___ Available data ___

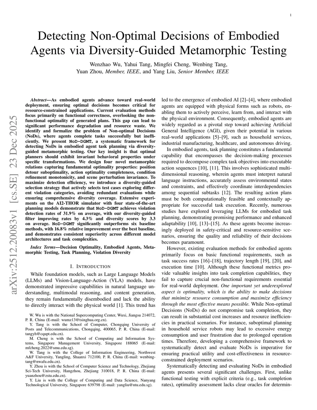 As embodied agents advance toward real-world deployment, ensuring optimal decisions becomes critical for resource-constrained applications. Current evaluation methods focus primarily on functional correctness, overlooking the non-functional optimality of generated plans. This gap can lead to significant performance degradation and resource waste. We identify and formalize the problem of Non-optimal Decisions (NoDs), where agents complete tasks successfully but inefficiently. We present NoD-DGMT, a systematic framework for detecting NoDs in embodied agent task planning via diversity-guided metamorphic testing. Our key insight is that optimal planners should exhibit invariant behavioral properties under specific transformations. We design four novel metamorphic relations capturing fundamental optimality properties: position detour suboptimality, action optimality completeness, condition refinement monotonicity, and scene perturbation invariance. To maximize detection efficiency, we introduce a diversity-guided selection strategy that actively selects test cases exploring different violation categories, avoiding redundant evaluations while ensuring comprehensive diversity coverage. Extensive experiments on the AI2-THOR simulator with four state-of-the-art planning models demonstrate that NoD-DGMT achieves violation detection rates of 31.9% on average, with our diversity-guided filter improving rates by 4.3% and diversity scores by 3.3 on average. NoD-DGMT significantly outperforms six baseline methods, with 16.8% relative improvement over the best baseline, and demonstrates consistent superiority across different model architectures and task complexities.
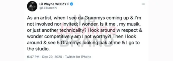 Rapper Lil Wayne says that he feels a certain way when he isn’t invited to the Grammy’s. The rapper took to Twitter to express to his fans that whenever he isn’t invited to the Grammy’s it makes him question if he is worth being there. He writes,
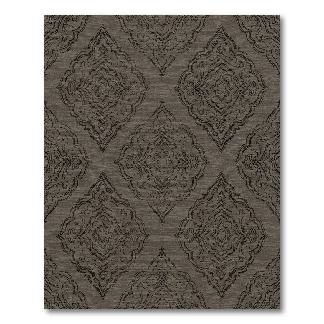 Flatwoven High Traffic Area Rug, Dark Brown Distressed Damask Medallion Rug, Non Slip, Stain Resistant, Washable Area Rugs for Living Room, Bedroom Overview:

___

▸ What to work on:
Only the text of the listing above is copied, exactly as written; its pictures are dropped.

▸ Answer to this problem:
 As embodied agents advance toward real-world deployment, ensuring optimal decisions becomes critical for resource-constrained applications. Current evaluation methods focus primarily on functional correctness, overlooking the non-functional optimality of generated plans. This gap can lead to significant performance degradation and resource waste. We identify and formalize the problem of Non-optimal Decisions (NoDs), where agents complete tasks successfully but inefficiently. We present NoD-DGMT, a systematic framework for detecting NoDs in embodied agent task planning via diversity-guided metamorphic testing. Our key insight is that optimal planners should exhibit invariant behavioral properties under specific transformations. We design four novel metamorphic relations capturing fundamental optimality properties: position detour suboptimality, action optimality completeness, condition refinement monotonicity, and scene perturbation invariance. To maximize detection efficiency, we introduce a diversity-guided selection strategy that actively selects test cases exploring different violation categories, avoiding redundant evaluations while ensuring comprehensive diversity coverage. Extensive experiments on the AI2-THOR simulator with four state-of-the-art planning models demonstrate that NoD-DGMT achieves violation detection rates of 31.9% on average, with our diversity-guided filter improving rates by 4.3% and diversity scores by 3.3 on average. NoD-DGMT significantly outperforms six baseline methods, with 16.8% relative improvement over the best baseline, and demonstrates consistent superiority across different model architectures and task complexities.
 Rapper Lil Wayne says that he feels a certain way when he isn’t invited to the Grammy’s. The rapper took to Twitter to express to his fans that whenever he isn’t invited to the Grammy’s it makes him question if he is worth being there. He writes,
 Flatwoven High Traffic Area Rug, Dark Brown Distressed Damask Medallion Rug, Non Slip, Stain Resistant, Washable Area Rugs for Living Room, Bedroom Overview:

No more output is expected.